Weekly Update Up Early... (Part 1 of 2...) (Destiny)

by Avateur @, Thursday, June 25, 2015, 00:15 (3439 days ago) @ Claude Errera

I'm not sure what you mean by 'in the market, not [my] own personal subjective idea of worth' - something is worth whatever someone says they're willing to pay for it. That's the DEFINITION of market value, in fact.

I think this is all me poorly expressing the idea I'm trying to describe, and I'm sorry for that. It makes sense in my head, but I'm not doing a good job of wording it or something. I'm trying to directly refer to the set price that Activision has decided upon, regardless of who was going to potentially buy it or not, and how people are then viewing these set prices in relation to one another. Prior to Destiny even launching, and prior to it even going up for pre-order, somewhere at some time, Activision's plan was a $60 base game, $20 DLC packs (pre-orders dropping one to $15), and (based on that leaked thing) a more expensive Comet pack (which we now see is $40). So to get to you below...

In this case, they've already set a price point for the game+all expansions ($60) and a price point for the game, all expansions, and this digital collection of goodies ($80) - so pricing the goodies ANYWHERE below $20 would mean cannibalizing sales of products they'd already announced. They priced this exactly where their current pricing scheme requires it be priced.

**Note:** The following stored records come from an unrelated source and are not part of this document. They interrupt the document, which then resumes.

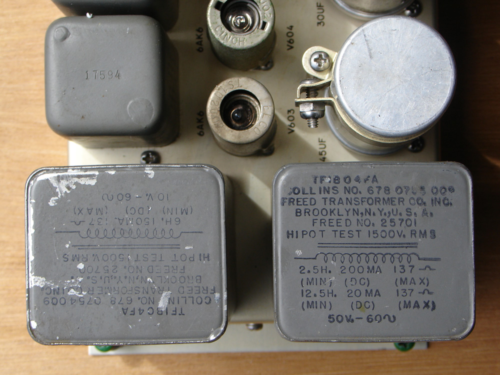 Audio Module, Another Perspective: This photograph shows only a portion of the R-390A audio module. Specifically, we see the two audio transformers which provide a local 600-ohm audio output as well as a 600-ohm line output. Although we can’t see the serial and stock number as in the IF module above, this module is also manufactured by Collins radio. Both audio output transformers in this photo are silk-screened “Freed Transformer Co, Inc.” a company which was a preferred transformer source for many Collins products. Just above the right-hand transformer is a cylindrical component with a hold-down strap. This is one of two electrolytic filter capacitors which are an integral part of the R-390A power supply. The R-390/R390A design is somewhat unique in that these capacitors plug into octal tube sockets, thus allowing a field technician to easily replace one of these multiple-section capacitors without any de-soldering. In fact, the entire design of the R-390 and the R-390A was based on a requirement to minimize the number of instances in which it would be necessary to heat up a soldering iron to make repairs. The modular design, along with an excellent understanding of which components were likely to fail under continuous use, greatly simplified the field maintenance of these fine receivers.
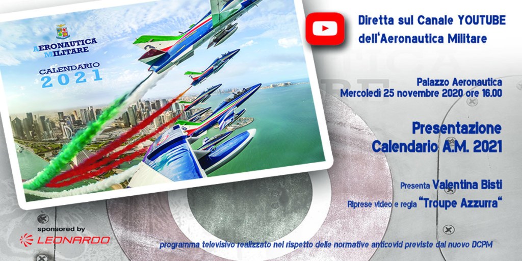 Roma, 25 novembre 2020 – Il Calendario 2021 dell’Aeronautica Militare verrà presentato mercoledì 25 novembre alle 16:00, in diretta streaming sul canale YouTube AM (Presentazione calendario 2021 Aeronautica Militare).
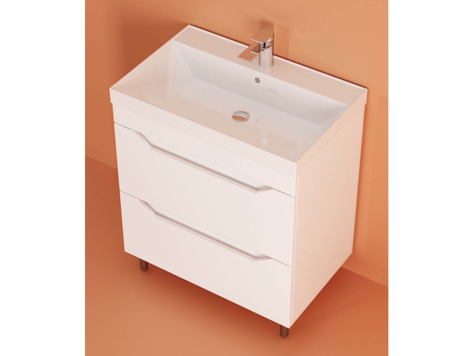 - Тумба "Сохо" 80 напольная 2 ящика белый + ум Слим 80 или Комфорт 80
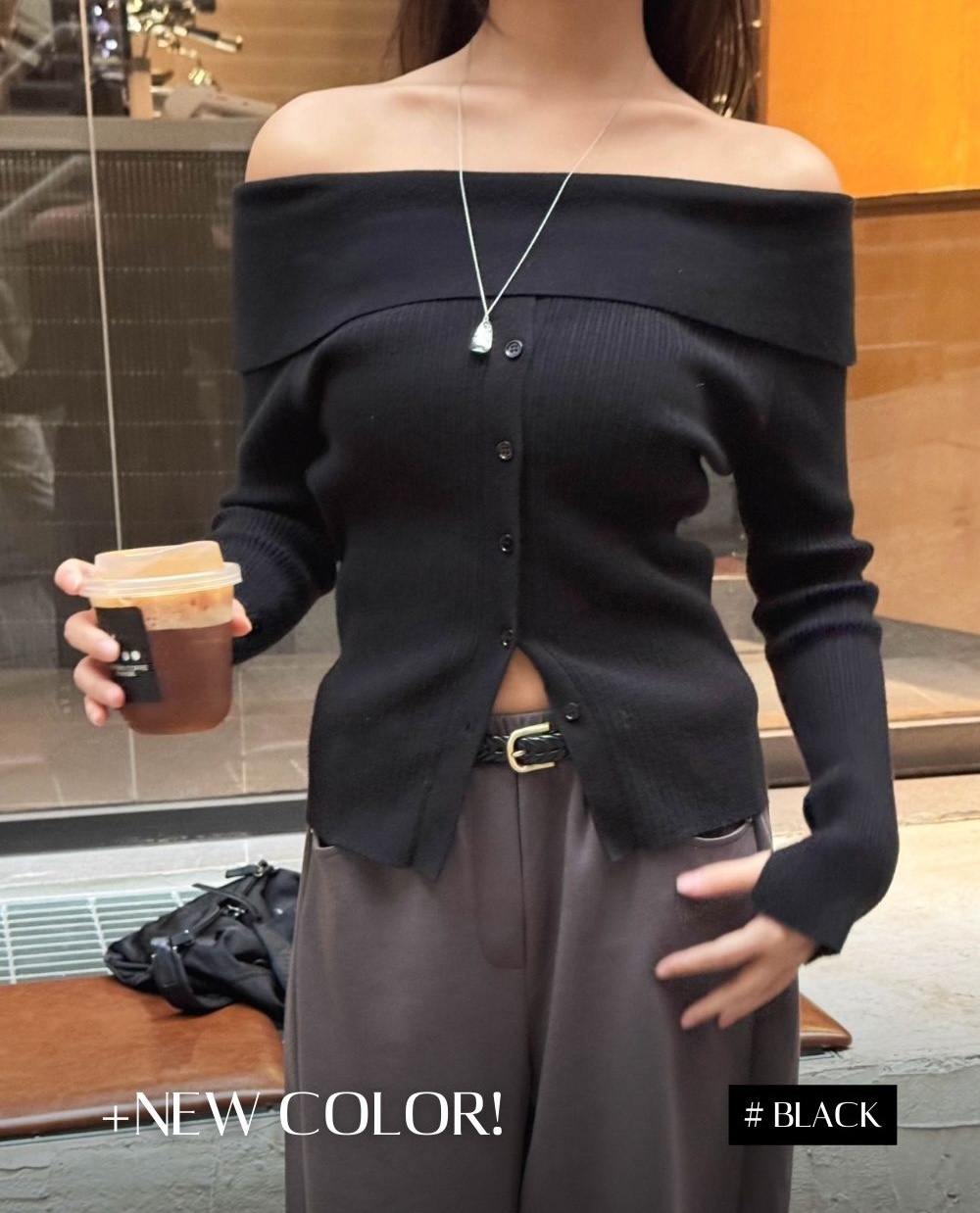 店主生日款式 🎂 女友感滿滿的一字肩針織top♡
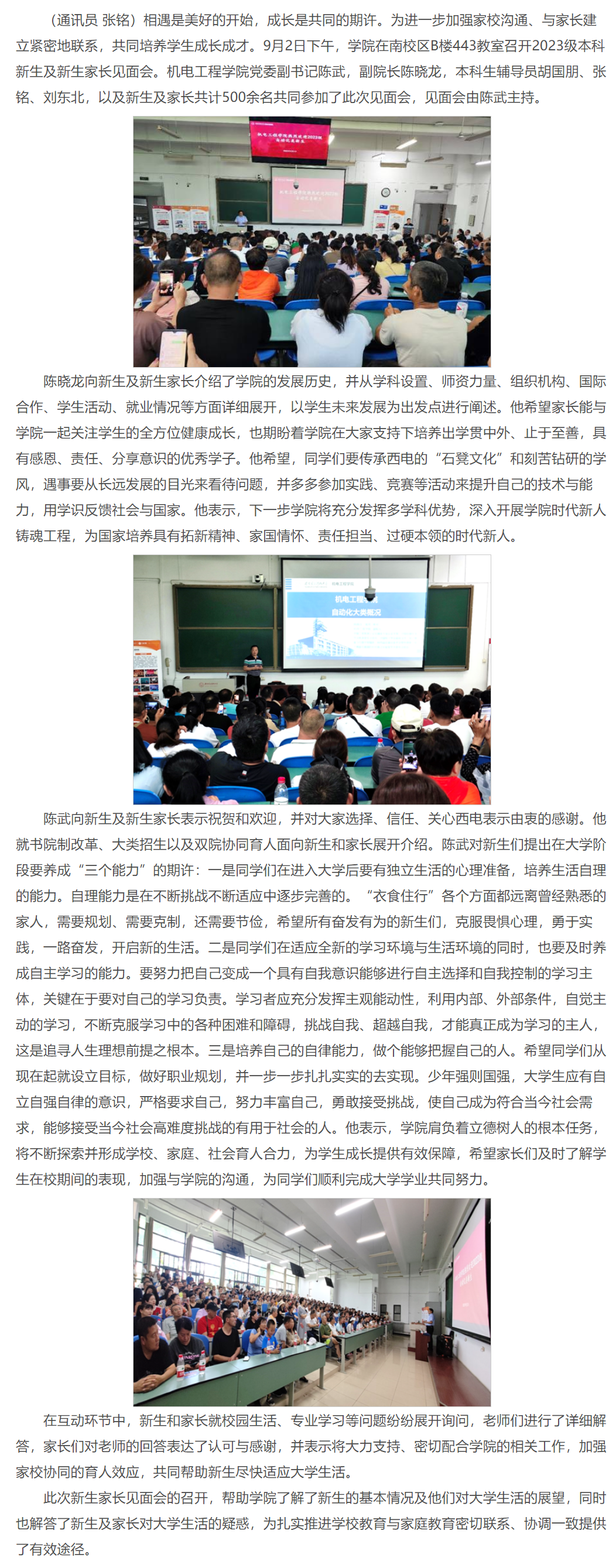 国产直播 顺利召开2023级本科新生及新生家长见面会
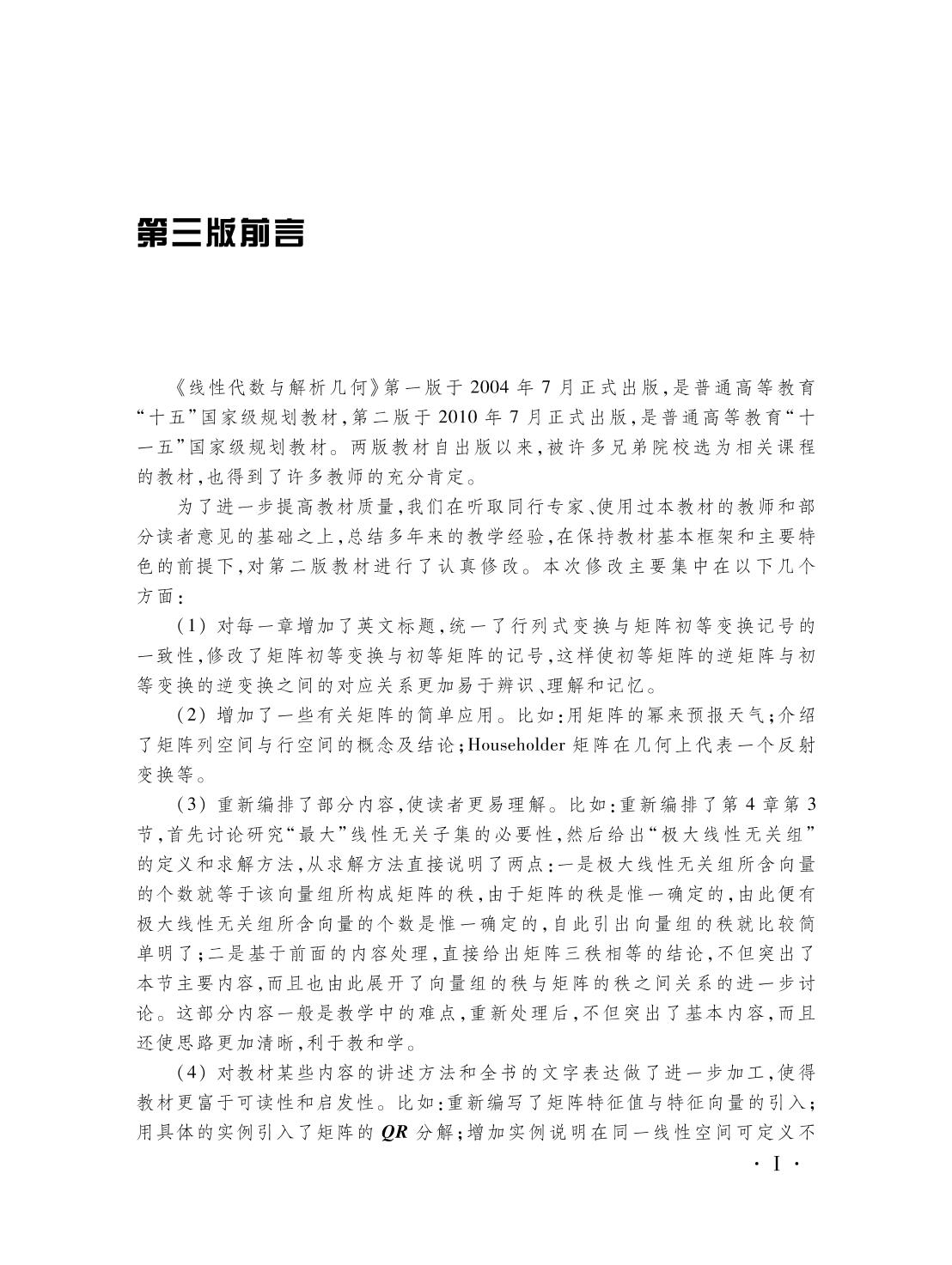 本教材是普通高等教育“十五” “十一五”国家级规划教材,内容包括:行列式、矩阵、几何向量及其应用、n维向量与线性方程组、线性空间与欧氏空间、特征值与特征向量、二次曲面与二次型、线性变换,共八章。部分章节还穿插介绍了如何使用MATLAB数学软件进行矩阵运算的相关命令。 本教材结构严谨,层次清晰,概念引入自然,内容编排符合认知规律,易于教师教和读者学。教材配置了丰富的例题与习题,部分题目选自近年来国内外优秀教材和全国硕士研究生入学统一考试数学试题。 本教材可作为高等理工院校非数学专业本科生的教材,也可供有关教师、科技人员和其他社会学习者阅读和参考。与本书对应的教学内容已在中国大学MOOC平台上线。 |

I think you're spot on here, and yet it comes off looking weird. Activision had this $60 price point for one thing in their minds, and then went with $80 to justify what appears to be extra digital content and physical items. This has caused a problem throughout all the lands apparently, which leads them to go with the $20 upgrade for digital content to try and calm the fires, right?

So compared to the $60 bundle that jams a $40 Taken King upgrade with a $20 base game and double DLCs (that each cost $20 on their own, give or take $5 depending upon "season pass"), all of a sudden it looks like three specific class emotes, three armor shaders, and three exotic class items with XP bonuses translate to the same $20 price of a single DLC, or to a base game and two DLCs in a sort-of GOTY edition.

Again, I think you're completely right on how they came up with this current pricing scheme, and I think it absolutely fits where their current pricing scheme requires it to be priced, but now people are looking at it in comparison to everything else with a similar breakdown of what I just said above and realizing that it's really wonky.

Now personally, I'm not even on the fence. I've been ready to drop my $40 for Taken King the entire time (don't care about the extra swags and such). At the same time, the pricing that Activision has offered for its different versions has looked pretty whack, and I've been trying to get at that. I outright said it looked like a fuck you to people who bought stuff previously. That may be heavy handed, and of course that's just my opinion, but a lot of this pricing just looks totally off.

Edit: Hopefully I conveyed where I'm coming from better. Sorry if I'm still failing!